TASK. Repeat every line from the line containing "Модерна еднофазна релсова" to the end of the data, exactly. Leave the pictures out.

DATA EXTRACT.

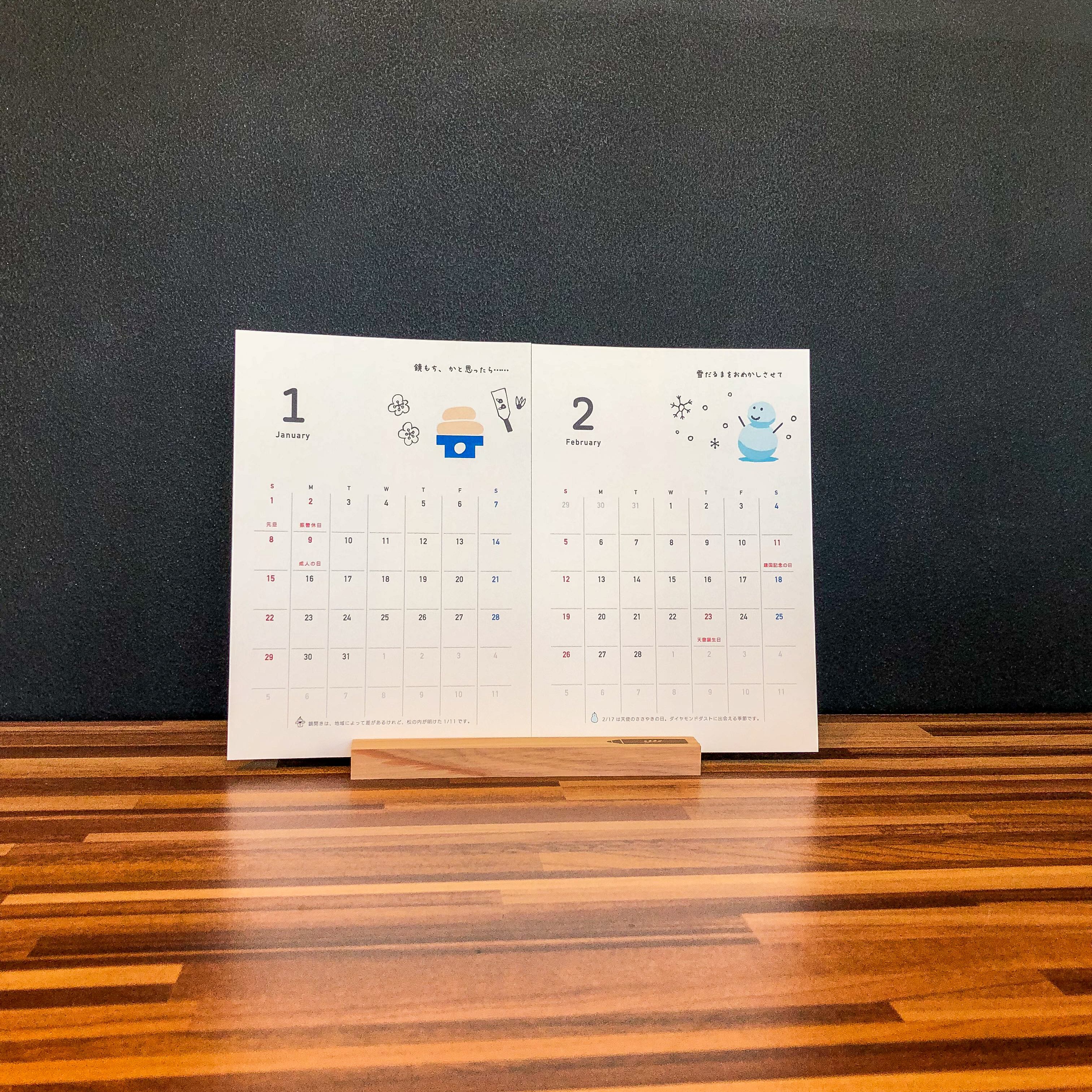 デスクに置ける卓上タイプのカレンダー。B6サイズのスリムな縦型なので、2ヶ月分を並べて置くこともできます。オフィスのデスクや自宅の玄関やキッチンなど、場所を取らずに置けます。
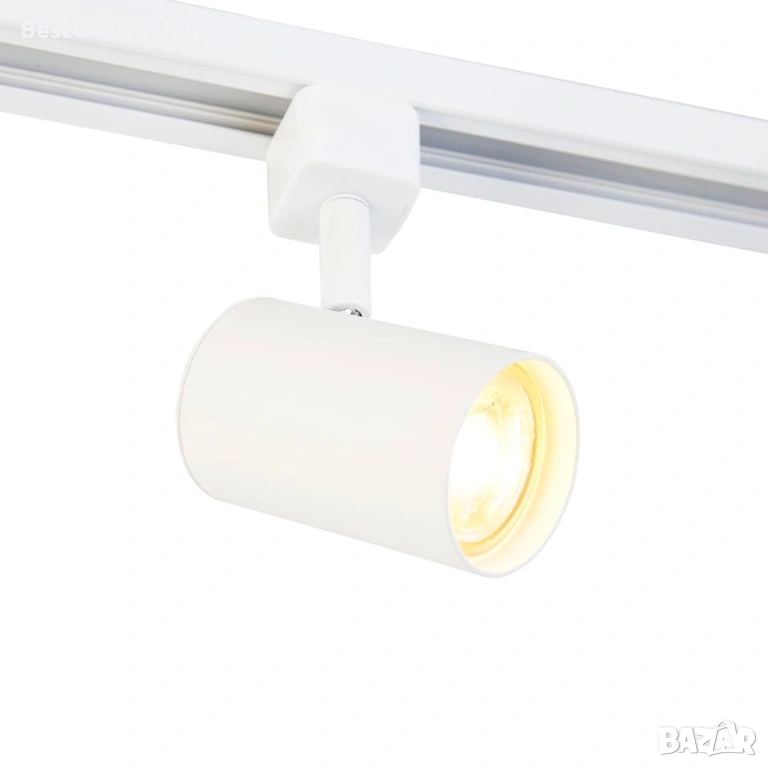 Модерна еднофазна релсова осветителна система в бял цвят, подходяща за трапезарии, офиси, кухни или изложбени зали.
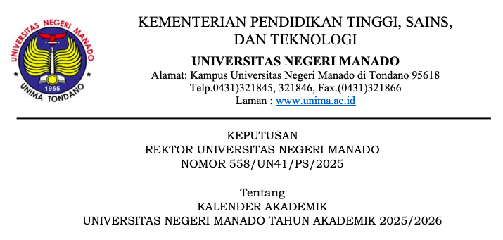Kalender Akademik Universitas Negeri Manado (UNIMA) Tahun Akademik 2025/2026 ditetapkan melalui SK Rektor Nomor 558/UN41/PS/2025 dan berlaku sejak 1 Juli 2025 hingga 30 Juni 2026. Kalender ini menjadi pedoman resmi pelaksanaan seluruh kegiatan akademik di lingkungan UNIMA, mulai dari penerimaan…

EXERCISE ANSWER.
 Модерна еднофазна релсова осветителна система в бял цвят, подходяща за трапезарии, офиси, кухни или изложбени зали.
Kalender Akademik Universitas Negeri Manado (UNIMA) Tahun Akademik 2025/2026 ditetapkan melalui SK Rektor Nomor 558/UN41/PS/2025 dan berlaku sejak 1 Juli 2025 hingga 30 Juni 2026. Kalender ini menjadi pedoman resmi pelaksanaan seluruh kegiatan akademik di lingkungan UNIMA, mulai dari penerimaan…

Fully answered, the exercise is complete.